# EXERCISE PROMPT
From the data that follows, print exactly the lines starting at the one containing "2021年5月7日,全市加快" and ending at the one containing "DS-9075 conçue par"; include both of them and nothing more.

# INPUT

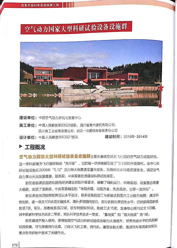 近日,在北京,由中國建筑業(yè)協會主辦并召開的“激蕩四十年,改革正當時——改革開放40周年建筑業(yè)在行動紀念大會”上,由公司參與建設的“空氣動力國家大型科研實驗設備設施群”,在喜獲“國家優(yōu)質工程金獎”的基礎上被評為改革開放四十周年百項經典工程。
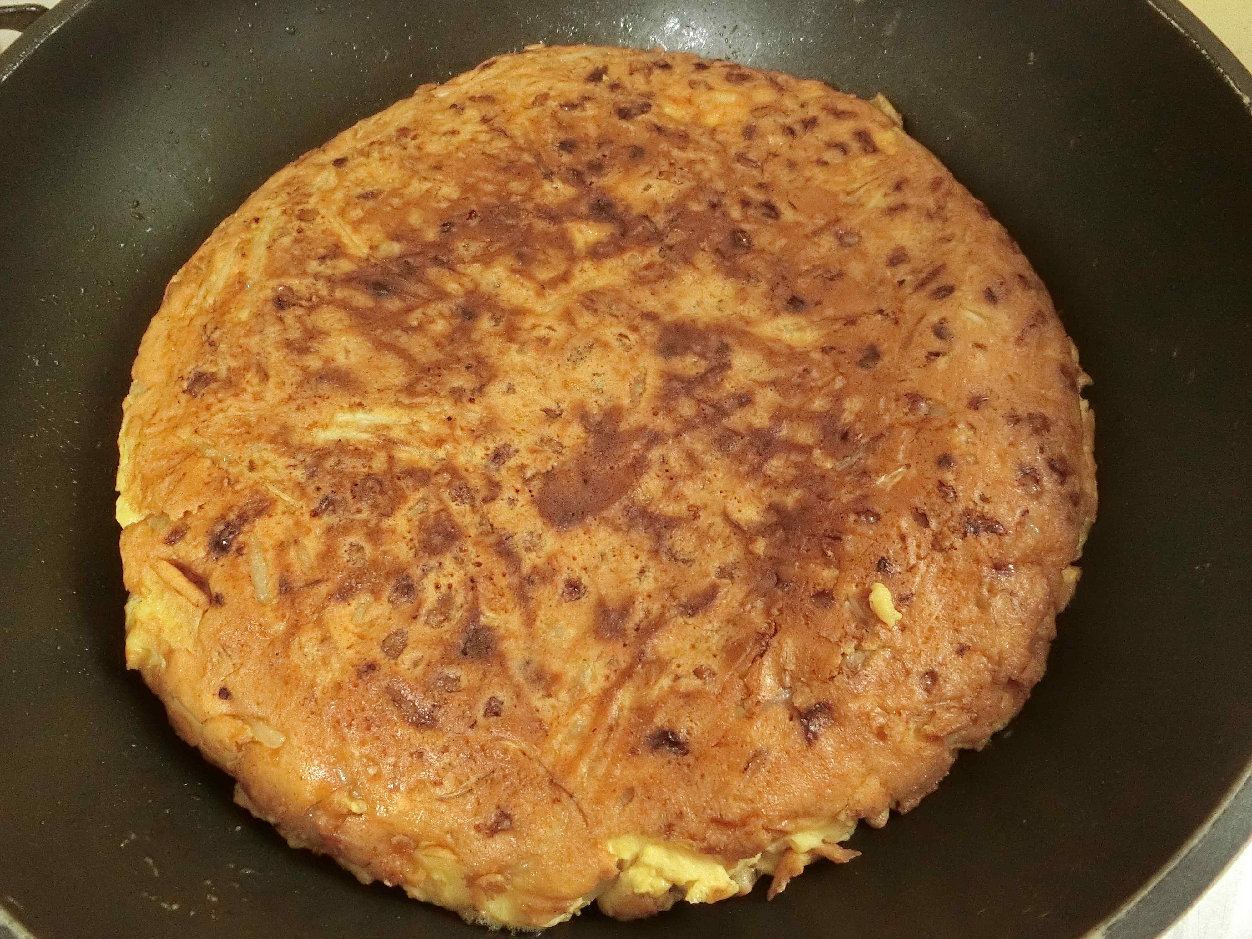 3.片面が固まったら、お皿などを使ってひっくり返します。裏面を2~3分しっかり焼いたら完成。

---

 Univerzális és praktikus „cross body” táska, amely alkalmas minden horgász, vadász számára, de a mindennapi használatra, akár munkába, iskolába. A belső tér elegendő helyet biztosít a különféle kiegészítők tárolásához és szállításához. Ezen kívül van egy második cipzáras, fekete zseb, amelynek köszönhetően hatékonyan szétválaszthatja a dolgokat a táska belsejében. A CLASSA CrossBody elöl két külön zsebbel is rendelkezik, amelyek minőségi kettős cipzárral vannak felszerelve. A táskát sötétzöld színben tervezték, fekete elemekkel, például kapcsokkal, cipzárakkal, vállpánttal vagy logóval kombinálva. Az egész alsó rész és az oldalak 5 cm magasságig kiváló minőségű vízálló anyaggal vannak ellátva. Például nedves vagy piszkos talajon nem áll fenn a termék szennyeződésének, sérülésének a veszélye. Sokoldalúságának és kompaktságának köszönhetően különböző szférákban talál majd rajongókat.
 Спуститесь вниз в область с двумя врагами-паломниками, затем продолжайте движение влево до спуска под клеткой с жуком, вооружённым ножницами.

* * *

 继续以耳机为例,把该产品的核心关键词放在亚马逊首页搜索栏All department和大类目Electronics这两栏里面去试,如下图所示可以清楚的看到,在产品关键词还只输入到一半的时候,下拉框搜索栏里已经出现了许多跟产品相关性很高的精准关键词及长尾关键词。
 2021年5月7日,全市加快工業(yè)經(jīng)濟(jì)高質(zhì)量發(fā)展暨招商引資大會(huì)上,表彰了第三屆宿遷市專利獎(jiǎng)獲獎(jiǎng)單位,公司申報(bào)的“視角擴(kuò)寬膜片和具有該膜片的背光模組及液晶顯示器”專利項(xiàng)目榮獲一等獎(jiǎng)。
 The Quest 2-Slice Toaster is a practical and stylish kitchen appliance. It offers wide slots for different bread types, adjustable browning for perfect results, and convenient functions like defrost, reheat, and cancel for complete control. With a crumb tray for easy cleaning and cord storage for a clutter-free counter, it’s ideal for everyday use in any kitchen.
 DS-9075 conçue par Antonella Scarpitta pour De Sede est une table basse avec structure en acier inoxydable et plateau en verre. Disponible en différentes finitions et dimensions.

# FINISHED TASK
 2021年5月7日,全市加快工業(yè)經(jīng)濟(jì)高質(zhì)量發(fā)展暨招商引資大會(huì)上,表彰了第三屆宿遷市專利獎(jiǎng)獲獎(jiǎng)單位,公司申報(bào)的“視角擴(kuò)寬膜片和具有該膜片的背光模組及液晶顯示器”專利項(xiàng)目榮獲一等獎(jiǎng)。
 The Quest 2-Slice Toaster is a practical and stylish kitchen appliance. It offers wide slots for different bread types, adjustable browning for perfect results, and convenient functions like defrost, reheat, and cancel for complete control. With a crumb tray for easy cleaning and cord storage for a clutter-free counter, it’s ideal for everyday use in any kitchen.
 DS-9075 conçue par Antonella Scarpitta pour De Sede est une table basse avec structure en acier inoxydable et plateau en verre. Disponible en différentes finitions et dimensions.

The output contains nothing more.